American Airlines and Delta Air Lines are offering buyouts to employees as they prepare for a rebound in demand for air travel that most industry expect will take years to materialize.

“Delta will have to be a smaller airline as we adjust to reduced demand and the need for distancing and safety during travel,” Delta’s chief executive, Ed Bastian, told employees in a memo on Wednesday. “A smaller Delta unfortunately means fewer people will be required.”

Delta is offering two programs — an early retirement option and a general buyout package — to most employees except for pilots, whose union is still in talks with management, Mr. Bastian said. The email did not say how much of its work force the airline was seeking to pare.

The American program, also announced on Wednesday, applies to management and support staff, which the airline hopes to cut by about 30 percent, or about 5,000 workers.

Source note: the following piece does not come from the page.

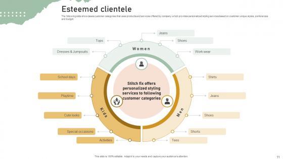 The following slide showcases customer categories that uses products and services offered by company which provides personalized styling services based on customer unique styles, preferences and budget. Get a simple yet stunning designed Esteemed Clientele Personal Styling Service Investor Funding Elevator Pitch Deck. It is the best one to establish the tone in your meetings. It is an excellent way to make your presentations highly effective. So, download this PPT today from Slidegeeks and see the positive impacts. Our easy-to-edit Esteemed Clientele Personal Styling Service Investor Funding Elevator Pitch Deck can be your go-to option for all upcoming conferences and meetings. So, what are you waiting for Grab this template today. The following slide showcases customer categories that uses products and services offered by company which provides personalized styling services based on customer unique styles, preferences and budget.

The British low-price airline easyJet said on Thursday that it planned to reduce staff by up to 30 percent and that it expected to fly in the July-September period at nearly 30 percent of the capacity a year earlier. When flights restart, staff and passengers will be required to wear masks and, at least initially, no onboard food service will be offered, the company said.

Going into the crisis, American had 130,000 employees and Delta had 90,000; about 40,000 workers at each have taken voluntary leave or early retirement. Most airline jobs are protected into the fall as a condition of the CARES Act, which provided $50 billion to passenger airlines, half of it earmarked to pay employees through September.

An early rally in the stock market Thursday faded late in the day after President Trump said he would hold a news conference about China amid rising tensions between the world’s two largest economies.

The S&P 500 turned negative after earlier rising as much as 1 percent. Before the reversal, stocks had been set for a third day of gains this week, a rally that reflected optimism about prospects for an economic rebound.